Data section:
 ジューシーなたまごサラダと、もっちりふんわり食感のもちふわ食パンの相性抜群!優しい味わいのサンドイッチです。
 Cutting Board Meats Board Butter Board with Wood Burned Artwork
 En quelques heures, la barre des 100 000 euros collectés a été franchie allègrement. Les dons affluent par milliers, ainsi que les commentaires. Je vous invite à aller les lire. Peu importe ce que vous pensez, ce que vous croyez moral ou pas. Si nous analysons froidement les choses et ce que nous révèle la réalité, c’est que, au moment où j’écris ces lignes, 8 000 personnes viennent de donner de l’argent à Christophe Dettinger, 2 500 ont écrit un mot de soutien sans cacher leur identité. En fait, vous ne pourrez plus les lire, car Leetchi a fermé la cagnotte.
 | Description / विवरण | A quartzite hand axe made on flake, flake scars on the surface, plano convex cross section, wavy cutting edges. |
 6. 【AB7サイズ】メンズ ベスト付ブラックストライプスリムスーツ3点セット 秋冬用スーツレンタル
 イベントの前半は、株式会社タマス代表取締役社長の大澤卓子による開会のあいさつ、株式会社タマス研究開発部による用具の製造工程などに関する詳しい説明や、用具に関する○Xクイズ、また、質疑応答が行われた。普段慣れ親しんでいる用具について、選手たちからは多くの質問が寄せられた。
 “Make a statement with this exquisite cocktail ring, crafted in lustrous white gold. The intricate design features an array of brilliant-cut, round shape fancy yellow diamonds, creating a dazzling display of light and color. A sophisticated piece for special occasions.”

...

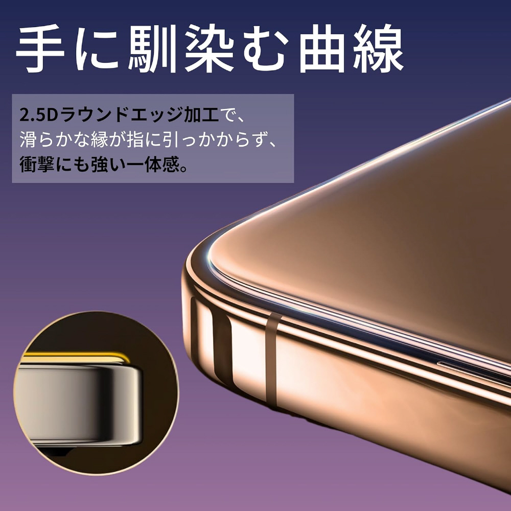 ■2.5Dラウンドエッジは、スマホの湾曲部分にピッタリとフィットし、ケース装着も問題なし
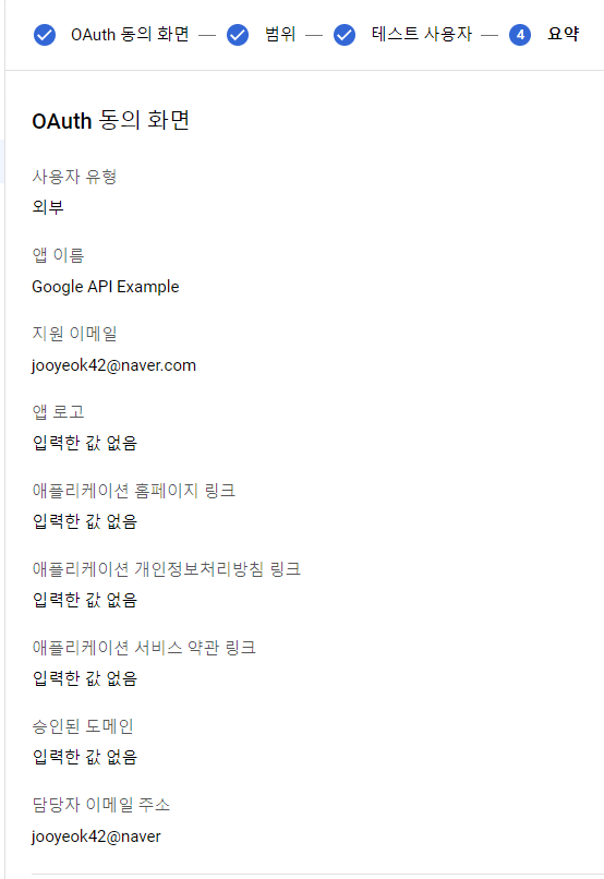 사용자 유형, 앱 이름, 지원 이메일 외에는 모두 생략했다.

* * *

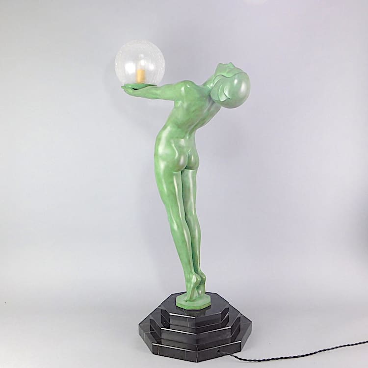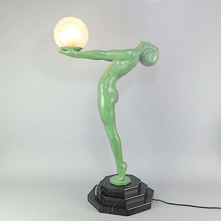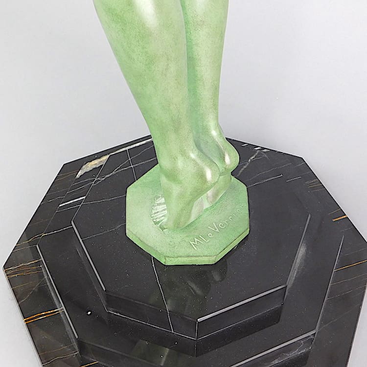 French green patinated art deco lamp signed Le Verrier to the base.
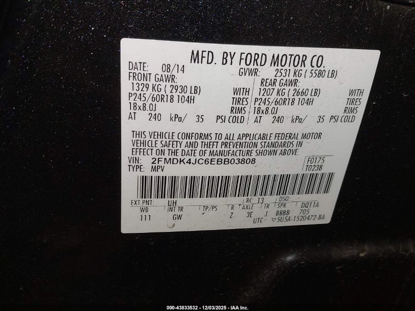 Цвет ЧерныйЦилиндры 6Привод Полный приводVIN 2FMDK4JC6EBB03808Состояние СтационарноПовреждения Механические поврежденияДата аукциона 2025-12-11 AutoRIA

Requirement:
Copy out each line of the data containing the string "with".

Exercise result:
 Cutting Board Meats Board Butter Board with Wood Burned Artwork
 “Make a statement with this exquisite cocktail ring, crafted in lustrous white gold. The intricate design features an array of brilliant-cut, round shape fancy yellow diamonds, creating a dazzling display of light and color. A sophisticated piece for special occasions.”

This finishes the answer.